Extravagance or Enough?
When I was serving on the Standing Committee of the Diocese of Central Florida, we had need to meet with one of our clergy. He arrived at the Diocesan office in a very nice, very new Cadillac. Without anyone saying a word, he felt the need to explain to us that he drives this car because his brother owns a Cadillac dealership and provides him a car for almost nothing. But he was uptight about it and felt the need to apologize for or explain this extravagance.

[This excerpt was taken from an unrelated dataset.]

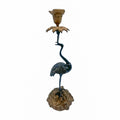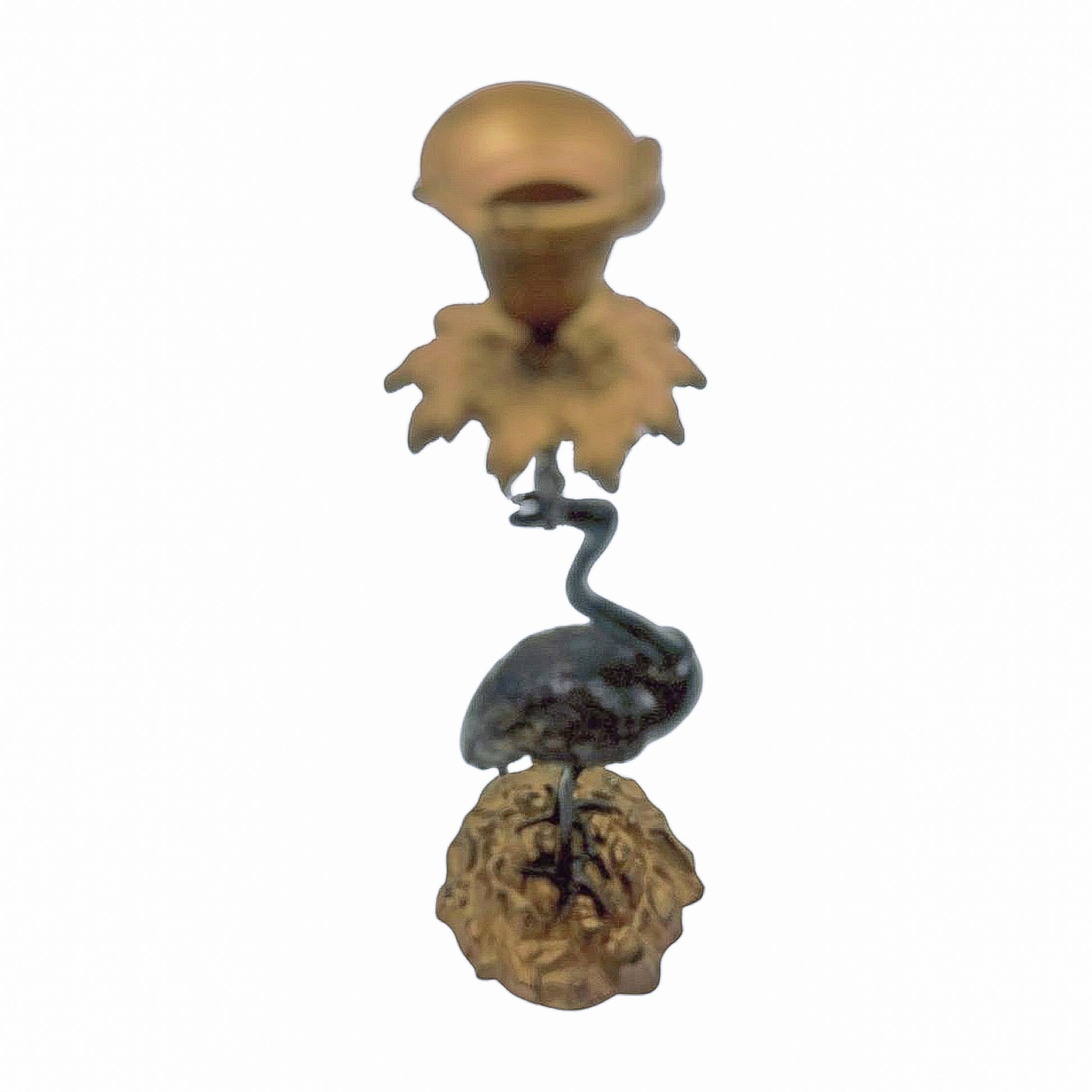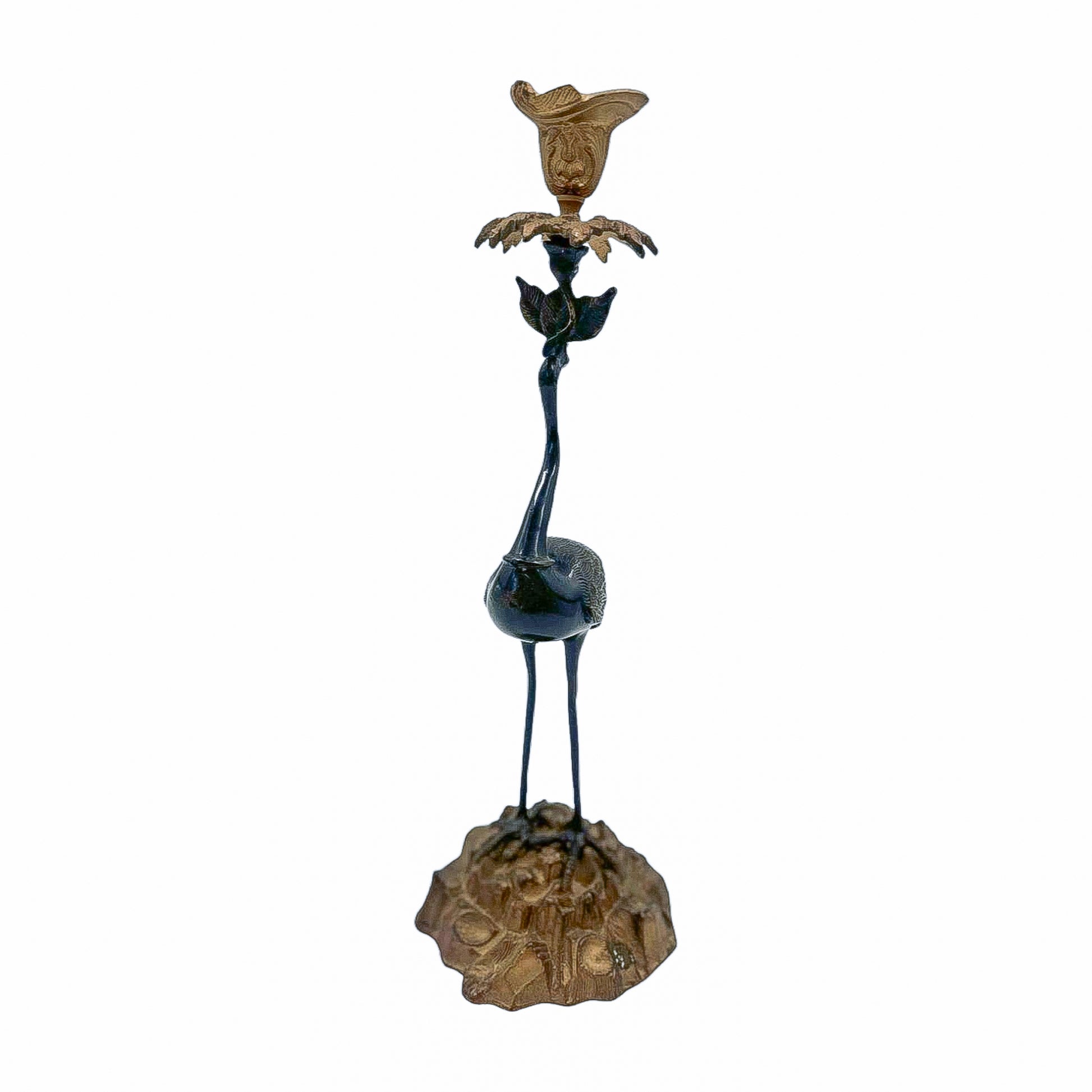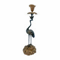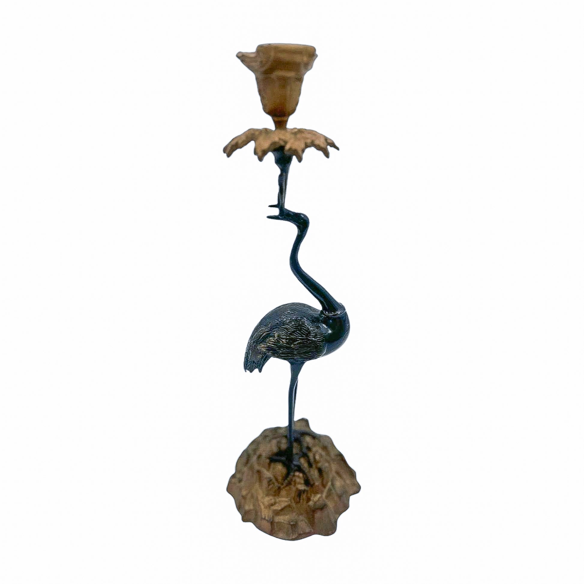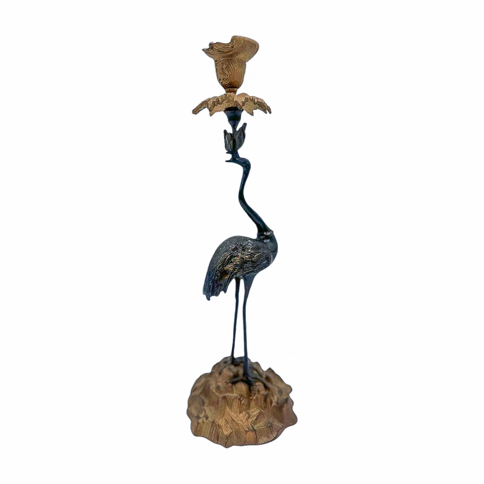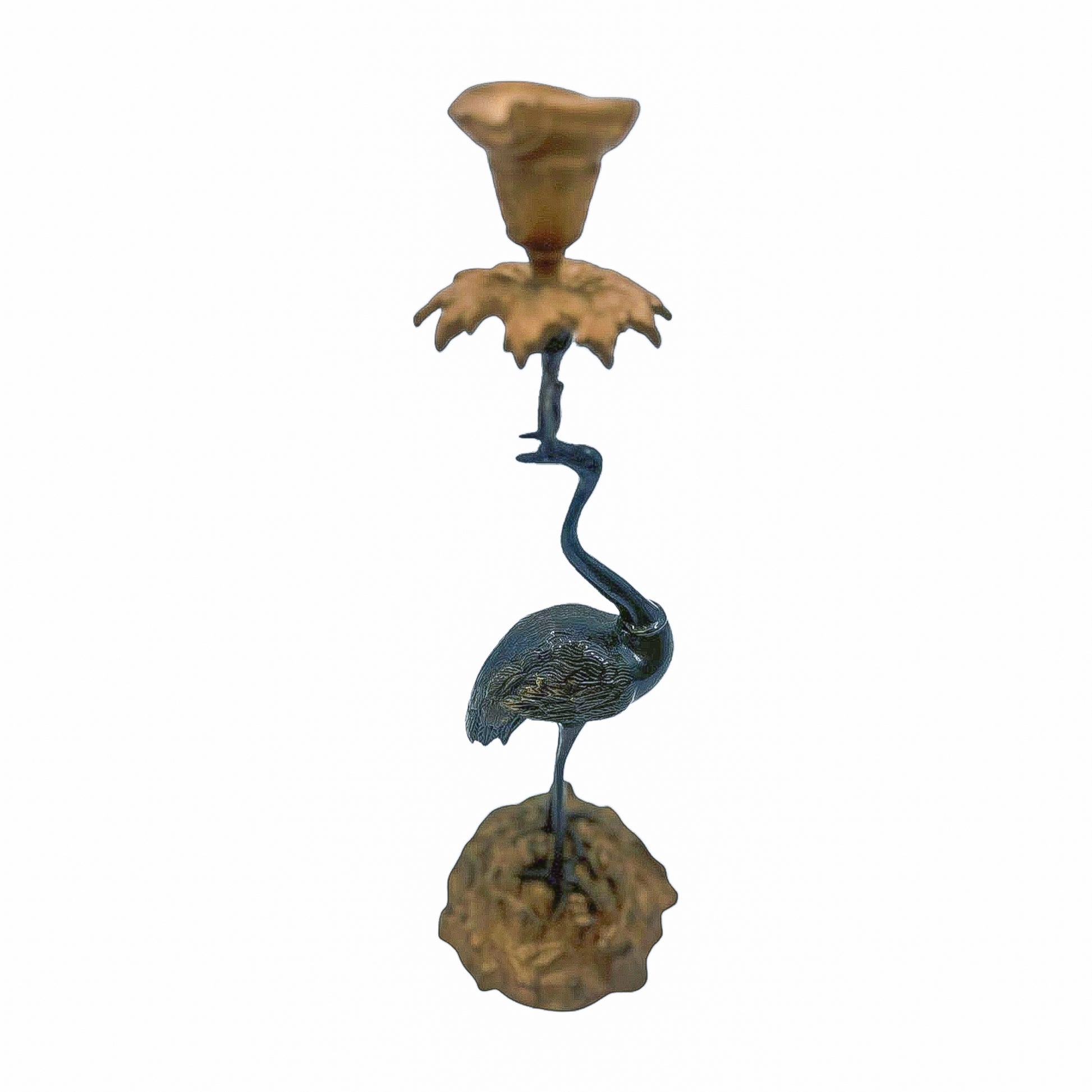 A tall, elegant silhouette with unexpected edge. This bronze candlestick takes the form of a crane perched on rocky terrain, topped with a leafy lotus bloom to hold your taper. Dramatic, a little mysterious, and guaranteed to turn heads on a mantel or dining table.

What is too much? It’s a question that is still asked today. In lots of forms. When the church spends what some deem to be “too much” on some construction or beautification project. When missionaries enjoy a nice dinner out or a night in a nice resort. When clergy drive an expensive car.

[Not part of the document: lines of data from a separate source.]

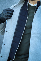 - Grå ulljakke med vertikale sidelommer.
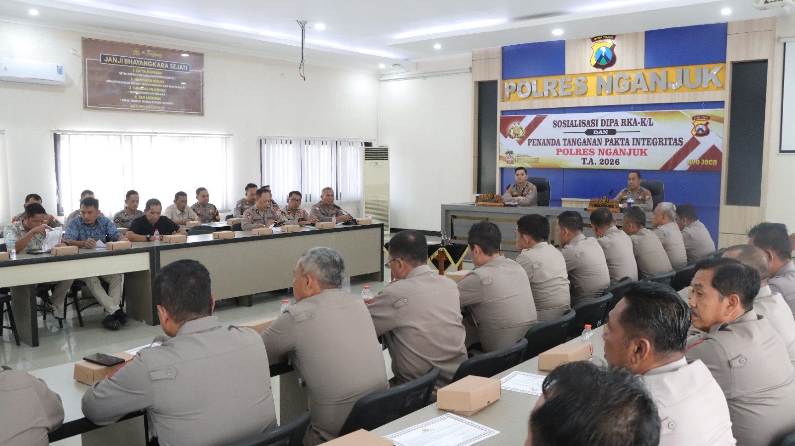 Kapolres Nganjuk AKBP Suria Miftah Irawan menegaskan bahwa penandatanganan Pakta Integritas bukan sekadar formalitas, melainkan wujud tanggung jawab moral dan institusional dalam mengelola anggaran negara.
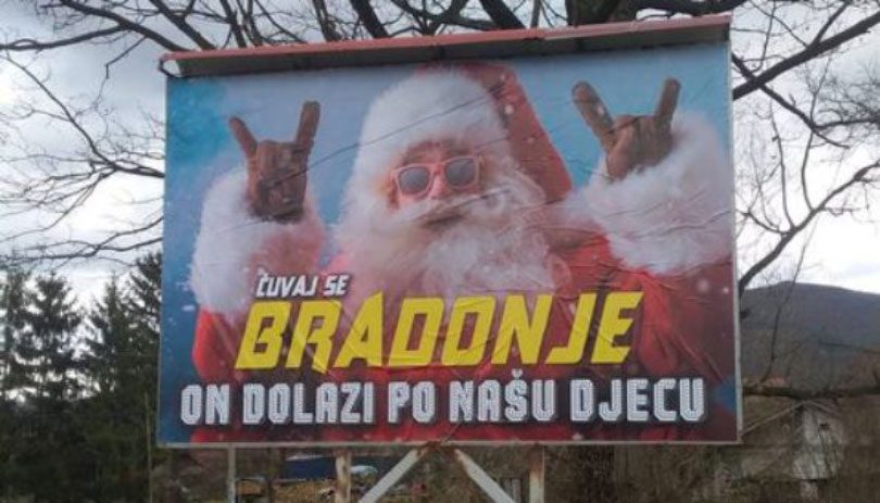 U okolici mjesta Živinice i Kalesija na bilboardima uz ceste istaknuti su plakati s fotografijama Djeda Mraza uz poruku “Bradonje dolaze po naši djecu” i “Muslimani nisu ludi da slave najluđu noć”.
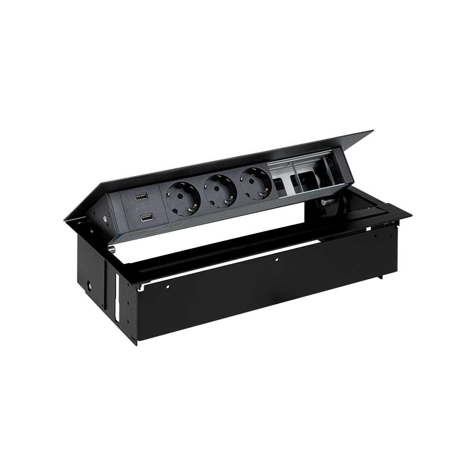 Simon 400 Черный Врезной розеточный блок с крышкой и мет. вводом, 3x2P+E, 2xUSB зарядное уст., 2 пустых модуля от производителя Simon. Артикул производителя 45623000-138.
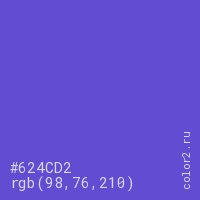 Цвет #624CD2 в цветовой модели RGB обозначается тремя октетами (98, 76, 210) в десятичном формате и #624CD2 в шестнадцатиричном (hex) формате, которые являются интенсивностью красного 98 (hex 62), интенсивность зелёного 76 (hex 4C) и интенсивность синего 210 (hex D2).
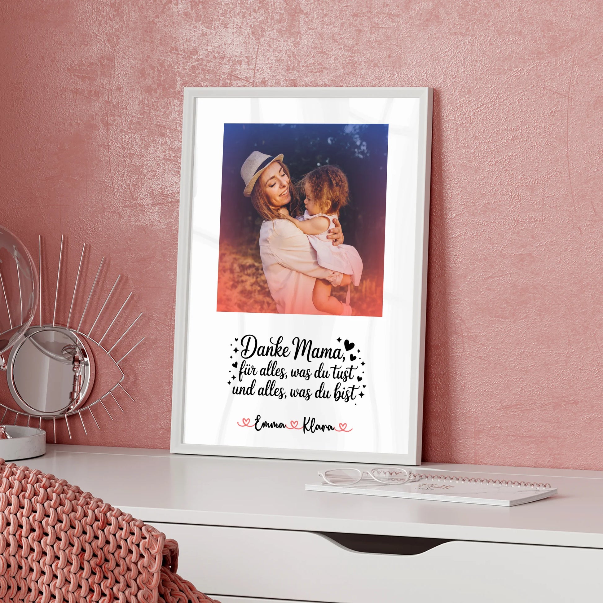 Personalisiertes Fotoposter für deine Mama zum Muttertag: Gestalte ein emotionales und individuelles Geschenk mit 1 Foto, eigenem Namen, Wunschtext und wählbarem Hintergrund. Das Design trägt den schönen Spruch Danke Mama, für alles, was du tust und alles, was du bist und du kannst diesen Spruch beibehalten oder durch einen eigenen Wunschtext ersetzen. Perfekt, um Erinnerungen zu zeigen und deiner Mama persönlich Danke zu sagen.
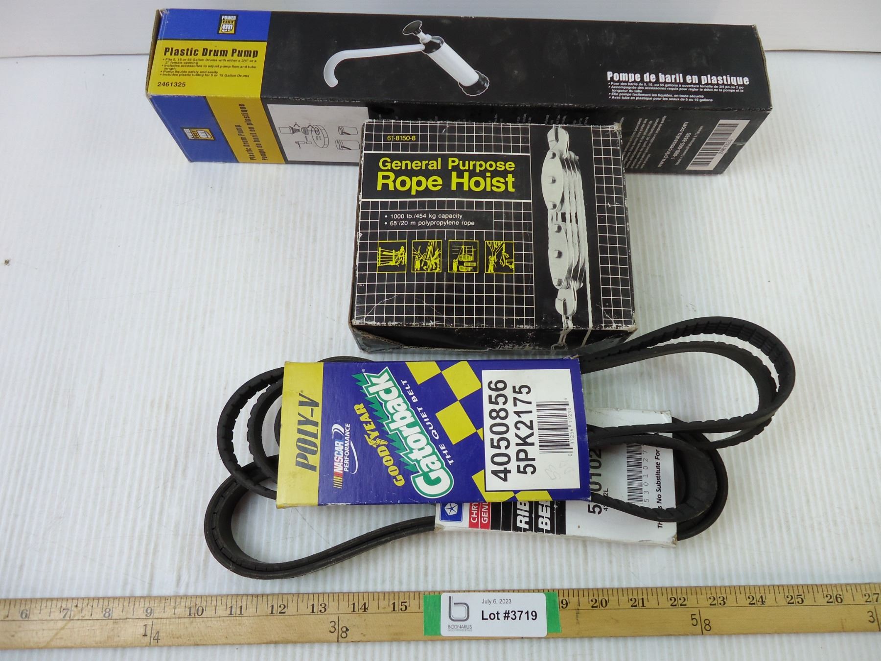 Plastic Drum Pump, Rope Hoist, and (2) Belts
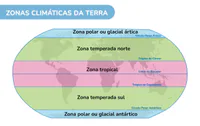 A zona tropical recebe luz direta, enquanto as zonas temperadas recebem raios inclinados.
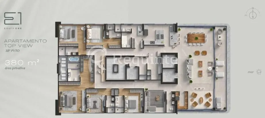 Piso porcelanato em grandes formatos nas áreas sociais;
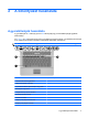 1 A mutatóeszközök használata Részegység Leírás (1) Érintőtábla* A mutató mozgatására és a képernyőn megjelenő elemek kiválasztására és aktiválására szolgál. (2) Az érintőtábla bal gombja* Az egér bal gombjával azonos módon működik. (3) Az érintőtábla jobb gombja* Az egér jobb gombjával azonos módon működik. (4) Az érintőtábla görgetőterülete Görgetés felfelé és lefelé. *A táblázat az alapértelmezett beállításokat tartalmazza.

Jesus got it when Mary, the sister of Lazarus and Martha, not his mother, washed his feet with a bottle of perfumed ointment valued as 300 denarii. A denarius was the standard day’s pay for a laborer, so this was nearly a year’s earnings. Outrageous! If it is to be wasted, people thought, better to sell it and use the money to feed the poor!
But Jesus accepted her gift. An uncomfortably extravagant gift. Was it because Jesus was a closet hedonist? No, I don’t think so. That flies in the face of everything else we know of him.
So what made this extravagance a good thing? Is extravagance always the right choice? I don’t think that works either. The Scripture is too clear about the need to care for the poor, the hungry, widows, orphans and more.
How do you decide when extravagance is appropriate and when not appropriate?